> **AIM OF THE TASK**:
The pictures get dropped, while every remaining part of the listing is copied exactly.

> **EXERCISE DATA**:
- Opening Delimiter -

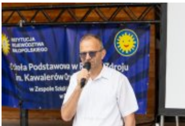
• 2024-06-03- Dzień Dziecka w Rabce-Zdroju cz.2
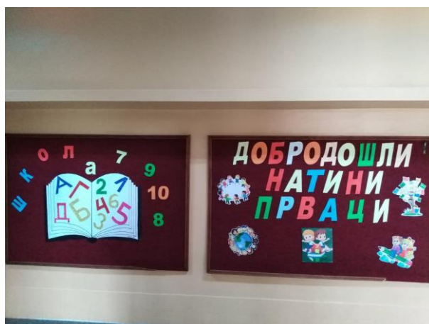
Пано за добродошлицу првацима

Онлајн настава на ТВ-у завршила се 29. маја.

- Closing Delimiter -

> **REPLY**:
• 2024-06-03- Dzień Dziecka w Rabce-Zdroju cz.2
Пано за добродошлицу првацима

Онлајн настава на ТВ-у завршила се 29. маја.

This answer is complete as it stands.